Just when I think I have this whole healthy living thing down, a weekend like this past one hits like a freight train.
Friday started off with a positive; ordering the green salad with chicken when I really wanted the fajita’s (in theory, not a bad idea, but given the portion size of pub food, could have ended in disaster) at lunch. So that night after some aimless walking to get more steps in, Eric and I stopped in at our favorite Sushi joint and dropped $50 on dinner for two. I don’t know what got into me, given that I’d meant to only order 3 small rolls (cucumber, avocado, and California), but the yam tempura rolls and gomae seemed to slip in there way too naturally. After devouring my rolls and a few of Eric’s as well, I wondered how I used to eat like this on the regular.
Saturday, I woke up and got my day started with banana peanut butter oats. They always set the tone for my day and despite being a healthy and satisfying breakfast choice- continuously taste like some sort of desert to me. Eric grabbed coffee for us while I started getting ready for the wedding we were headed out to that day. Some casual washroom dancing and an epic liquid eyeliner fail later, we were ready to go.
After the ceremony, we had 4 hours to kill and landed ourselves at Boston Pizza, which would lead to my second go of bad decision making. Given that I’m never really all that impressed with their pizza (more of a Panago gal myself), I was disappointed that I still took it upon myself to eat an entire half of a large. Again, I wondered how I used to eat like this all the time (okay, if we’re being honest, in the old days I would have tackled that entire large by myself).
This decision hurt more than the night before because when we walked into the reception room, among the richest of the rich in Vancouver, looking out over this stunning view of the city, with the smell of everything amazing and tasty in the air… I wasn’t excited at all.
This 3-course meal was one to savor and enjoy, and instead I picked at it, gave some to Eric, and shifted uncomfortably, feeling overstuffed in my own body and wrapped ever so tightly dress.
Although Friday and Saturday were the hardest on my mindset and motivation, Sunday was without a doubt the hardest on my body. It’s no surprise I was confused about how I used to live like this. When I woke up that morning I wanted to unscrew my head from my body to stop the pounding (did I mention I may have overdone it on the wine the night before as well?) and promised myself I’d never eat a slice of pizza again (good one Leah). My stomach was in knots, swollen, maxed out on sweets from desert the night before…. basically, just very unhappy with me. How did I use to eat like this all the damn time?!

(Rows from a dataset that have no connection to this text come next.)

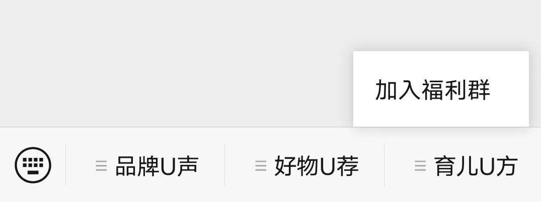 公众号菜单栏「育儿U方」——点击子菜单「加入福利群」——弹出福利群海报——扫码添加海报上的优妈企微——优妈邀请入群。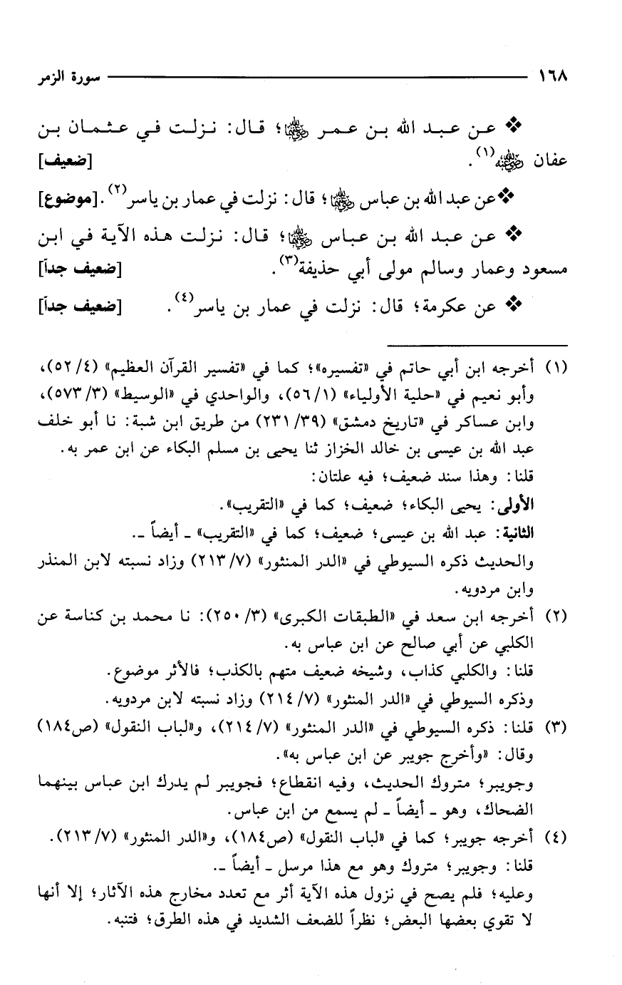 * عن عبد الله بن عباس -رضي الله عنهما-؛ قال: نزلت في عمار بن ياسر (¬2). [موضوع]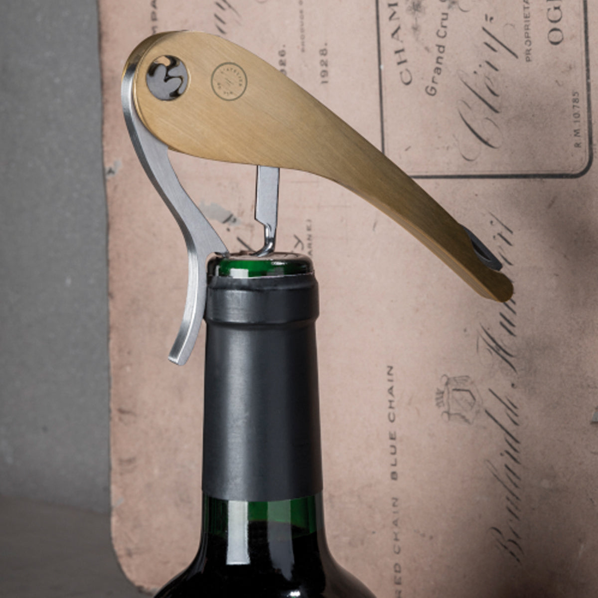 This beautiful brass corkscrew extracts the cork from your bottle in only one move, in a completely fluid and continuous way, thanks to its unique gear system. The cork is pulled out vertically, without any torsion or effort minimizing any damage to the cork. On the opposite edge there is a foil cutting-blade and a bottle opener.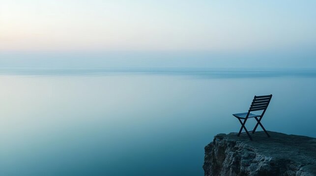 An empty seaside terrace with minimalist furniture overlooks the calm ocean, evoking a sense of solitude and peaceful contemplation at dawn.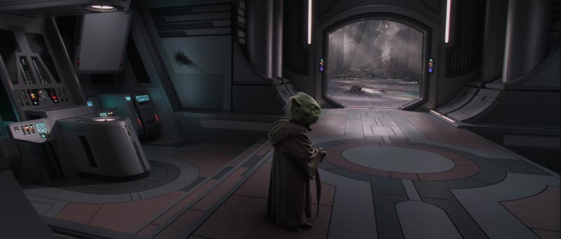 Millenium Falcon.com has posted a new, supposedly leaked photo from "Revenge of the Sith." It is said to contain spoilers, but, unless you have never seen Yoda, I'm not quite sure what is being spoiled. Maybe the cheesy, cartoony, cardboard set where Yoda is standing? "Revenge of the Sith" (trailer) is due out May 2005.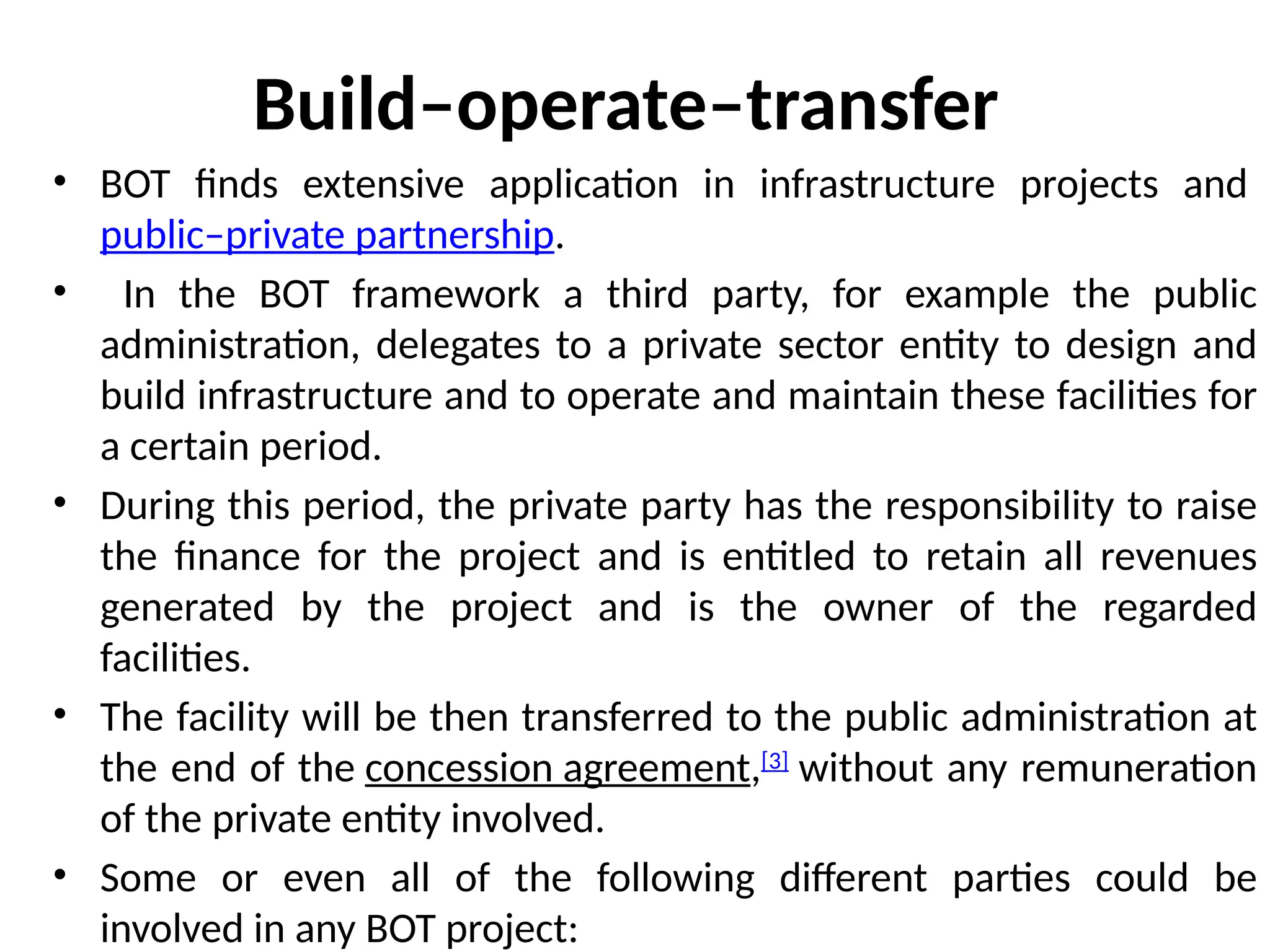 Build–operate–transfer (BOT) or build–own–operate–transfer (BOOT) is a ...

So, I start this week off extremely grateful for the lifestyle changes I’ve managed to make, and motivated that my old kinds of choices would no longer fly in this body. While I was disappointed at my inability to listen to this body and say no to things I (perhaps) didn’t even want to consume, I’m happy with the fact that weekends like this are not a common occurrence. All in all, the last few days have been a reminder that life happens, and really, we’re only human. Oprah herself will stumble on this journey. The fittest of the fit still struggle to make all the right choices.
The best part about falling down and feeling crappy about one’s self is the opportunity it presents to pick yourself back up, get back on track, and keep on going in this journey.